Task objective >>
Set down, exactly as written, the lines from the top of the data to the line that holds "Виды Москвы. Автомобиль", and omit the pictures.

Recorded information >>
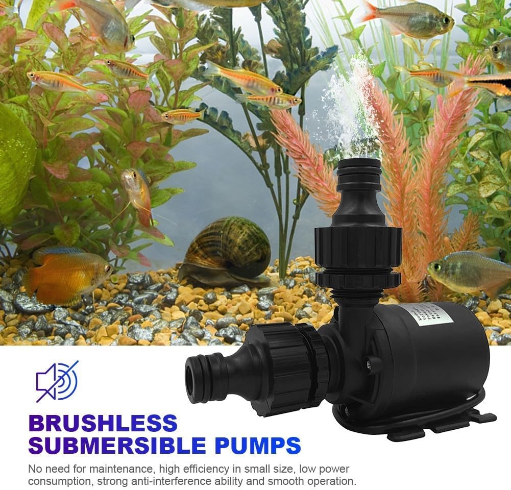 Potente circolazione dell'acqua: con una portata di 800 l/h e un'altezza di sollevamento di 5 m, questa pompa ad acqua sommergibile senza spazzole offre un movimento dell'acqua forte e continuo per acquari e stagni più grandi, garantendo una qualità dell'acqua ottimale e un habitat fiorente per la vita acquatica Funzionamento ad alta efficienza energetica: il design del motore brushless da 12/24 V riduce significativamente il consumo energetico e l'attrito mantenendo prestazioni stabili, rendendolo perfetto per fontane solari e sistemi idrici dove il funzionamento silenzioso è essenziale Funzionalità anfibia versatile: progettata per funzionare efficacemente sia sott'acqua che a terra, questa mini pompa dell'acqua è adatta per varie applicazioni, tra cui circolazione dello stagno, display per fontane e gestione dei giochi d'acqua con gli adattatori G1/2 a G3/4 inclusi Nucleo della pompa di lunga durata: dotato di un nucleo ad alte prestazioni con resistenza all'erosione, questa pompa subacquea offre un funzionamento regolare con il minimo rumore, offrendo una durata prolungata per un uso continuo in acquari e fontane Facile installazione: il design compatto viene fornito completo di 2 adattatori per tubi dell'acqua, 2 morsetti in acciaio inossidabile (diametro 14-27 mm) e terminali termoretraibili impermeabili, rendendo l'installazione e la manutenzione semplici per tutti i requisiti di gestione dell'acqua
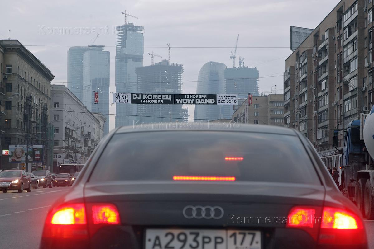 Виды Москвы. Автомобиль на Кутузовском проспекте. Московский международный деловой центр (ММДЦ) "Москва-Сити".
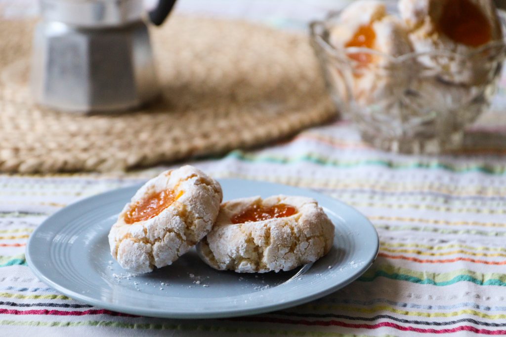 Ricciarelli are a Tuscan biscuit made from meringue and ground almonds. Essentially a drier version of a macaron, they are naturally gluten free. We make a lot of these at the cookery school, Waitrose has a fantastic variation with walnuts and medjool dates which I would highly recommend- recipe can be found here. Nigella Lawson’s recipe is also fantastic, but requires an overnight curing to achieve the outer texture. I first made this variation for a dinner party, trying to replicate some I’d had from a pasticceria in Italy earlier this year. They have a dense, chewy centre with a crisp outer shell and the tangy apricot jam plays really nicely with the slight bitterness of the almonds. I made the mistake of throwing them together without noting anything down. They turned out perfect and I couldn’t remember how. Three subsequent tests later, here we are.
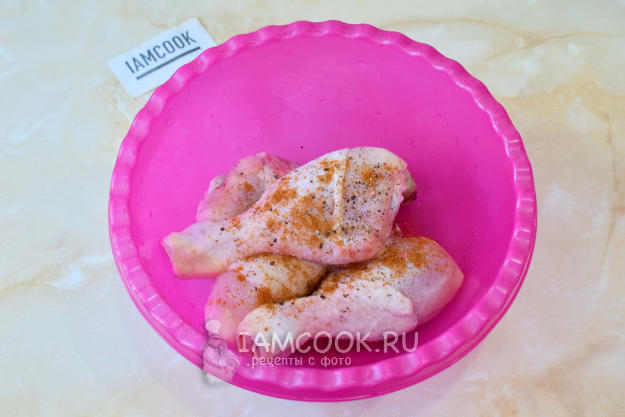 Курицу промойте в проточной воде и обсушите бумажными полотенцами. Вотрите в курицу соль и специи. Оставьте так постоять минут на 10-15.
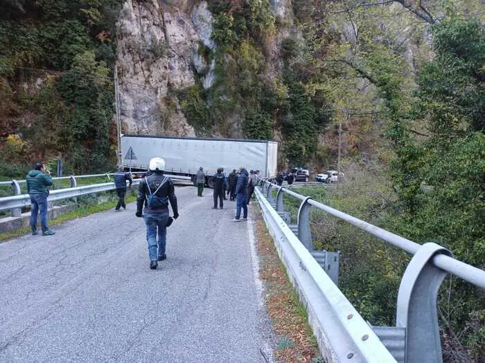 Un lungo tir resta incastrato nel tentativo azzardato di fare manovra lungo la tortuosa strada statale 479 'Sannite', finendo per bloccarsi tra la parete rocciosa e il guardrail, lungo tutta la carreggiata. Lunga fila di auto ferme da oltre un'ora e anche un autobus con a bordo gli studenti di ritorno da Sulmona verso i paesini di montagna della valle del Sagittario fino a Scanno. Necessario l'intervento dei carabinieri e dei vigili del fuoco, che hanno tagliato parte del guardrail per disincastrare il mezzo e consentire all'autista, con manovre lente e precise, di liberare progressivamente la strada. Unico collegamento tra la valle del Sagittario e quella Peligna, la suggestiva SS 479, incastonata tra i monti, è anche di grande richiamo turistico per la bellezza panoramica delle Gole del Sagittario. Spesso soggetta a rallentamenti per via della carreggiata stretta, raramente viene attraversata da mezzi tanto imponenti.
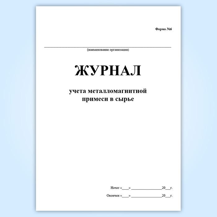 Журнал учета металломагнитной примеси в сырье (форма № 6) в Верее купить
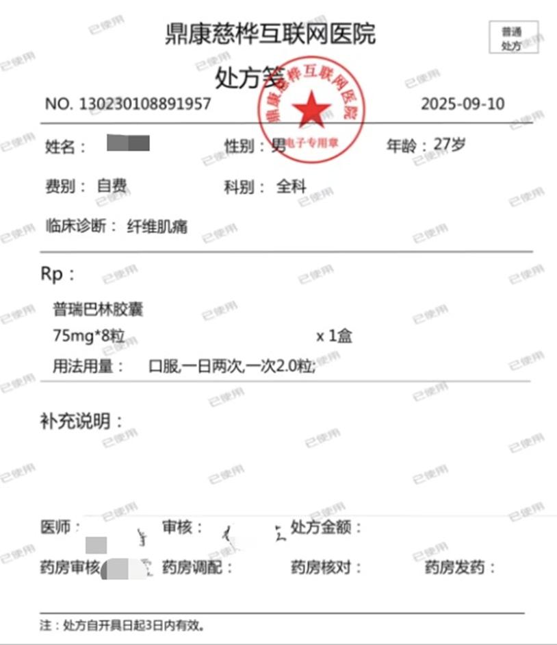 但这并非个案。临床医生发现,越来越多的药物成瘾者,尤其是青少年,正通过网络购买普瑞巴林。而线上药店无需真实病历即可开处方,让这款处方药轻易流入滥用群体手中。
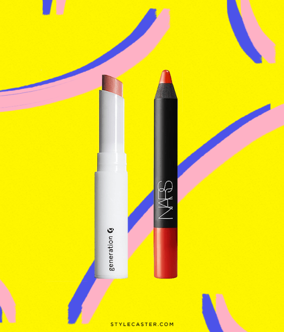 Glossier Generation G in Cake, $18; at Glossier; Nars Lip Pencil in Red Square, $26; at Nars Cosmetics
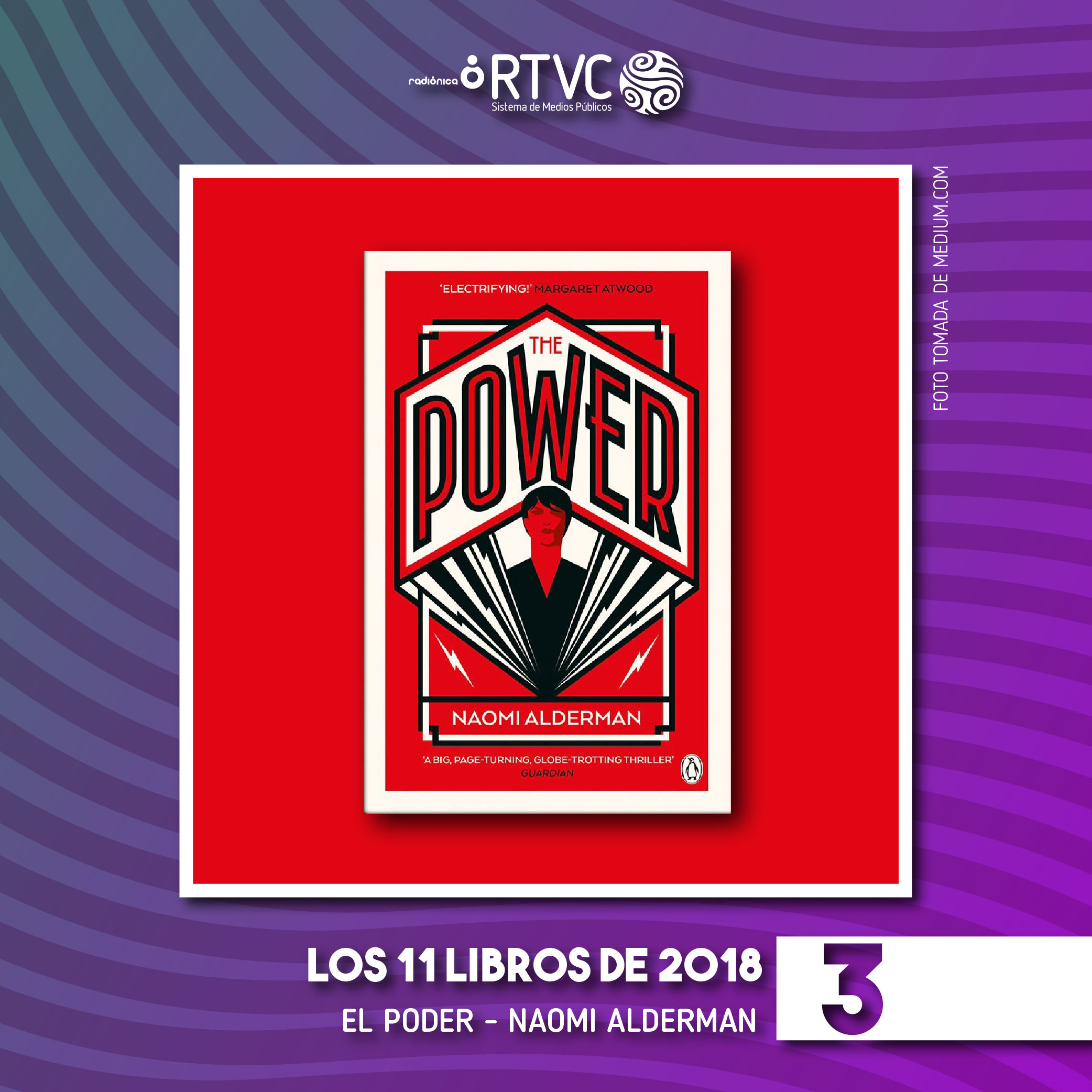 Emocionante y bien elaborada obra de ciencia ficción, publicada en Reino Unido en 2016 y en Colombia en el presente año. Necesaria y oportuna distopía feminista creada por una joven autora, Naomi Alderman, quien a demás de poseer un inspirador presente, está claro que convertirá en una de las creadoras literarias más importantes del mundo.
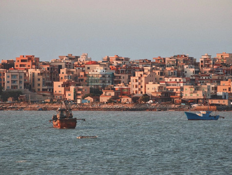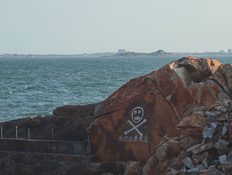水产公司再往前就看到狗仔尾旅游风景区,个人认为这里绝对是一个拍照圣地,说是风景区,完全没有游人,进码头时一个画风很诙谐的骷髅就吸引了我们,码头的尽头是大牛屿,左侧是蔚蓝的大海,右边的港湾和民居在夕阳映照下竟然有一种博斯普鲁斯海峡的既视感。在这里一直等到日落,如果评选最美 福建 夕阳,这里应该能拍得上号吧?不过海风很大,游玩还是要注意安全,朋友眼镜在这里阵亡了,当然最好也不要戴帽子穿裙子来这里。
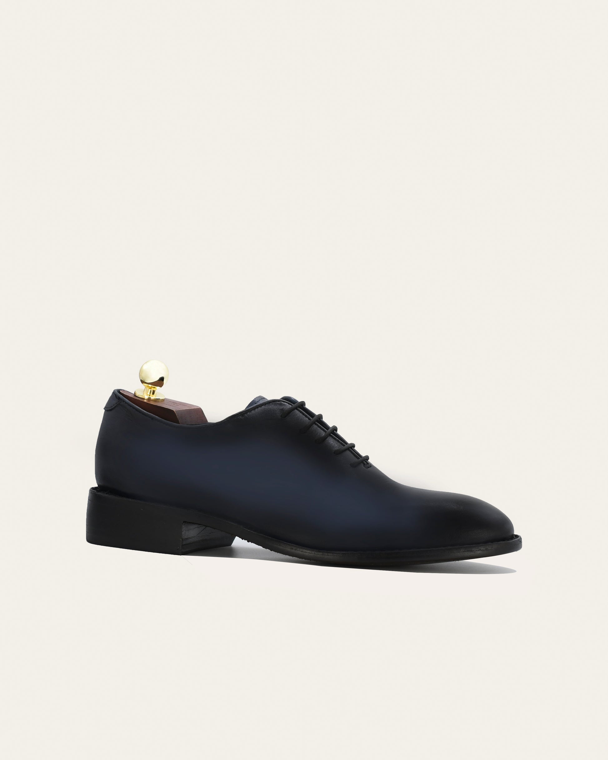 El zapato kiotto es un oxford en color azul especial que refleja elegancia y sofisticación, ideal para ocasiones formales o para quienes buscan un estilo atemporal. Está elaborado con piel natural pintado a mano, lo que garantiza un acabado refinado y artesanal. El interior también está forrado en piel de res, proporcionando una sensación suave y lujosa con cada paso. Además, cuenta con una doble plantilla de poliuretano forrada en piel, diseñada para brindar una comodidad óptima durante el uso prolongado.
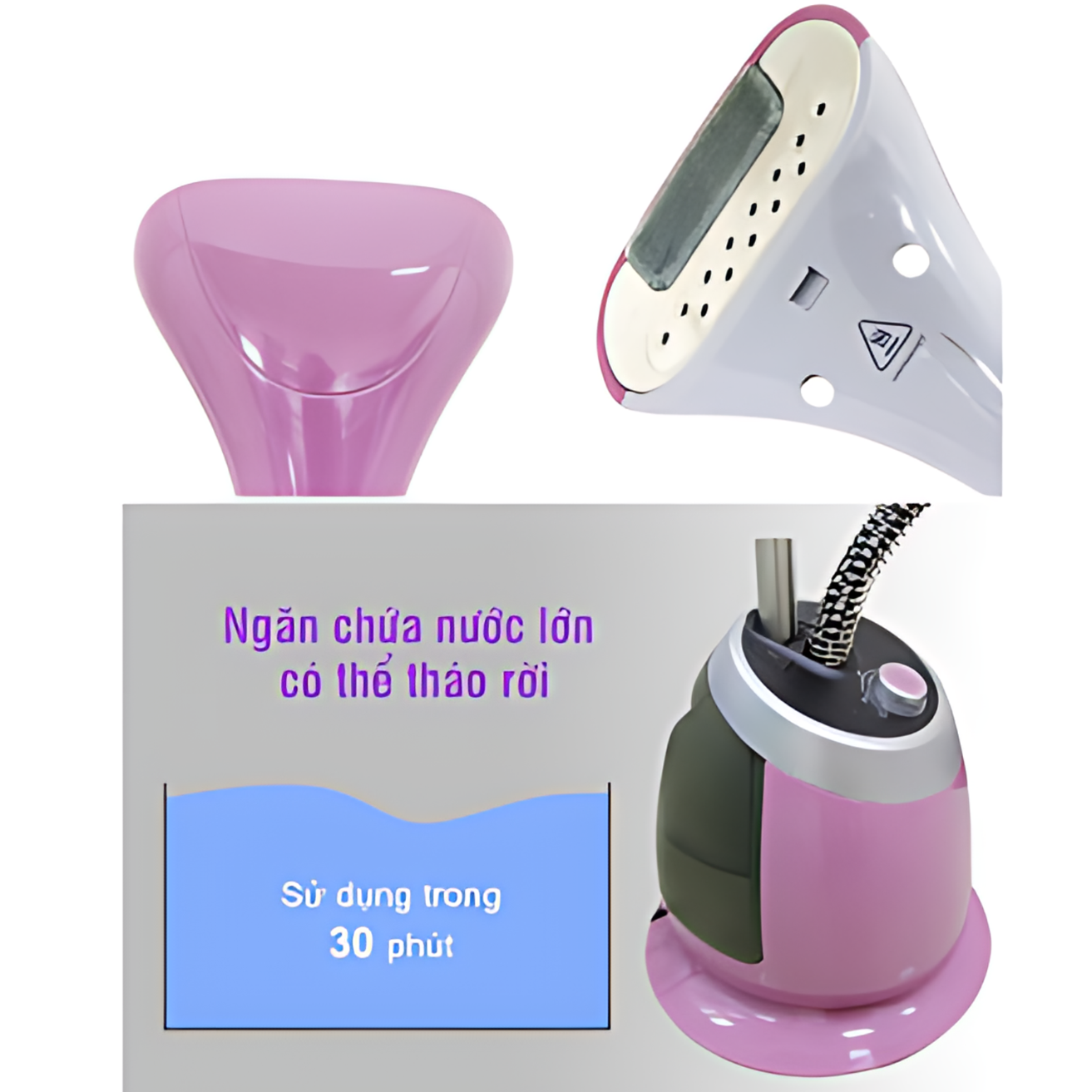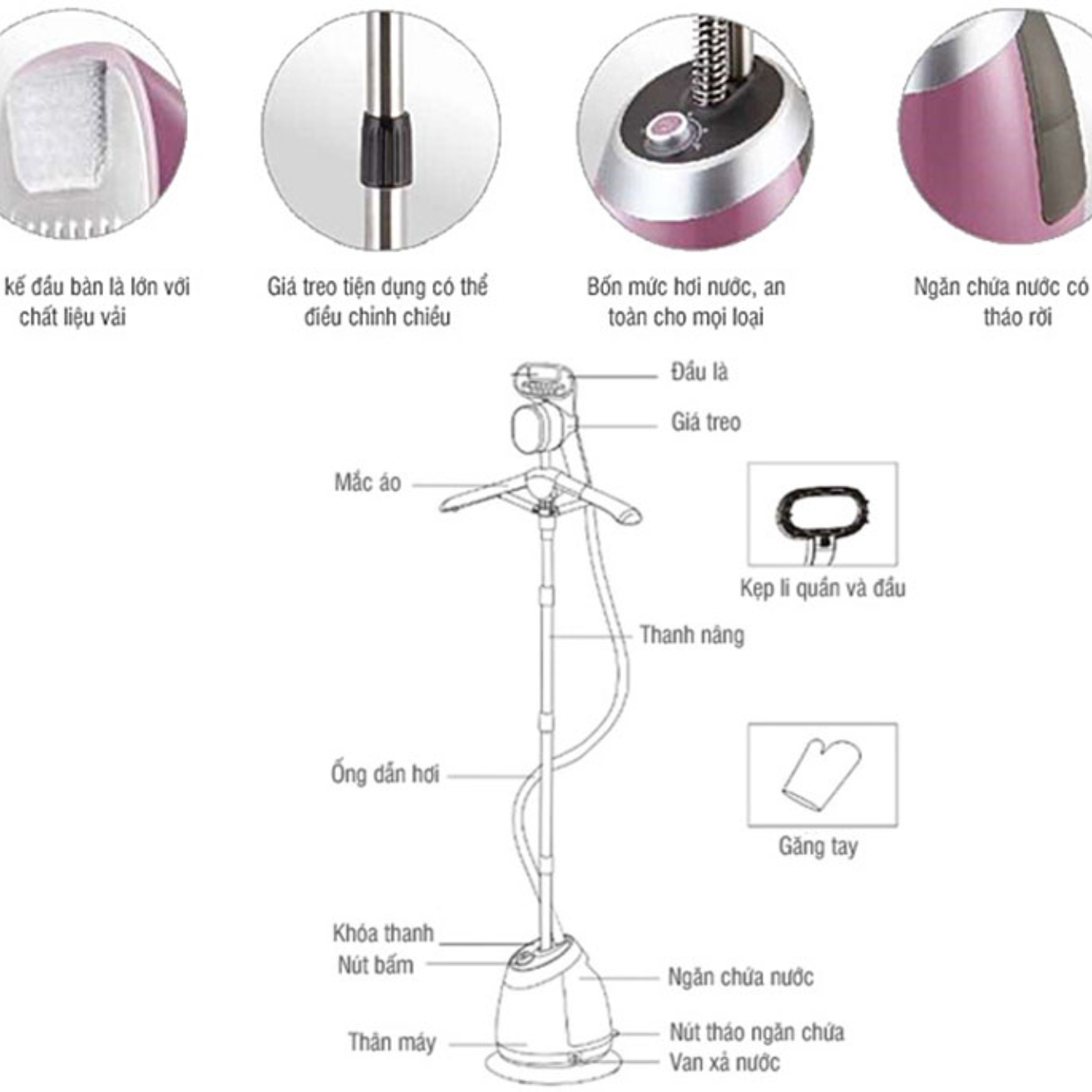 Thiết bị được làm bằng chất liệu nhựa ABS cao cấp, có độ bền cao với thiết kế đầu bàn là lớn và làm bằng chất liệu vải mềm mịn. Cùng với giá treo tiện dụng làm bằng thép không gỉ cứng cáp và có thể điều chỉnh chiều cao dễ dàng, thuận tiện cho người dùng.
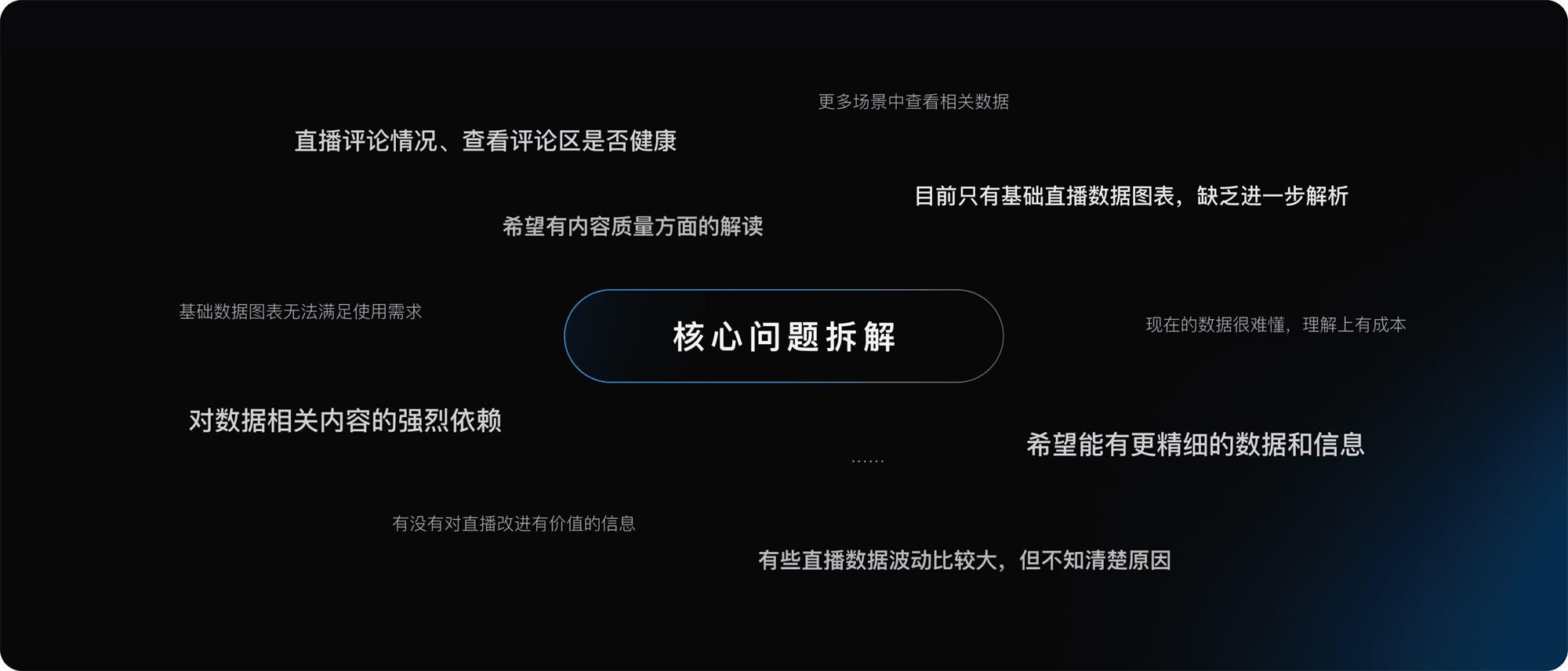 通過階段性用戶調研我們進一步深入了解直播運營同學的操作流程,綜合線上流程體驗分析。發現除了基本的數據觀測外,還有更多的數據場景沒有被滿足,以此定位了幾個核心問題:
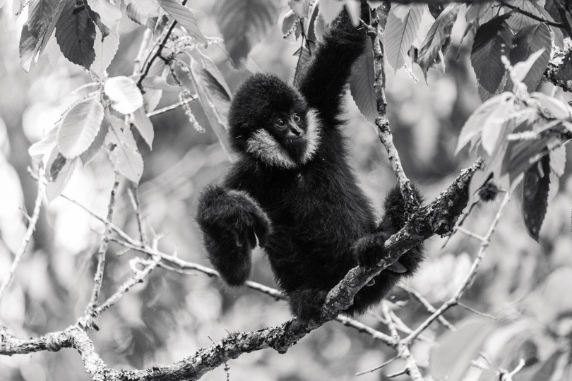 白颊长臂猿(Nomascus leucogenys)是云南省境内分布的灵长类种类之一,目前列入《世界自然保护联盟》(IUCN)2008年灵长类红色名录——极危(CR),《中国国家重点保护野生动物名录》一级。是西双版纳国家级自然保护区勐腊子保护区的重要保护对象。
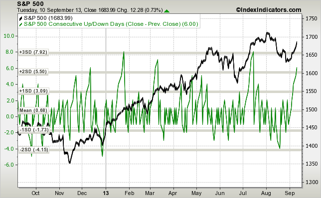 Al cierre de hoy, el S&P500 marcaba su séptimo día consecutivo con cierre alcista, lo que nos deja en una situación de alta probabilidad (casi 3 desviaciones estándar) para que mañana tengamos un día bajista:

Response to the exercise >>
 Potente circolazione dell'acqua: con una portata di 800 l/h e un'altezza di sollevamento di 5 m, questa pompa ad acqua sommergibile senza spazzole offre un movimento dell'acqua forte e continuo per acquari e stagni più grandi, garantendo una qualità dell'acqua ottimale e un habitat fiorente per la vita acquatica Funzionamento ad alta efficienza energetica: il design del motore brushless da 12/24 V riduce significativamente il consumo energetico e l'attrito mantenendo prestazioni stabili, rendendolo perfetto per fontane solari e sistemi idrici dove il funzionamento silenzioso è essenziale Funzionalità anfibia versatile: progettata per funzionare efficacemente sia sott'acqua che a terra, questa mini pompa dell'acqua è adatta per varie applicazioni, tra cui circolazione dello stagno, display per fontane e gestione dei giochi d'acqua con gli adattatori G1/2 a G3/4 inclusi Nucleo della pompa di lunga durata: dotato di un nucleo ad alte prestazioni con resistenza all'erosione, questa pompa subacquea offre un funzionamento regolare con il minimo rumore, offrendo una durata prolungata per un uso continuo in acquari e fontane Facile installazione: il design compatto viene fornito completo di 2 adattatori per tubi dell'acqua, 2 morsetti in acciaio inossidabile (diametro 14-27 mm) e terminali termoretraibili impermeabili, rendendo l'installazione e la manutenzione semplici per tutti i requisiti di gestione dell'acqua
 Виды Москвы. Автомобиль на Кутузовском проспекте. Московский международный деловой центр (ММДЦ) "Москва-Сити".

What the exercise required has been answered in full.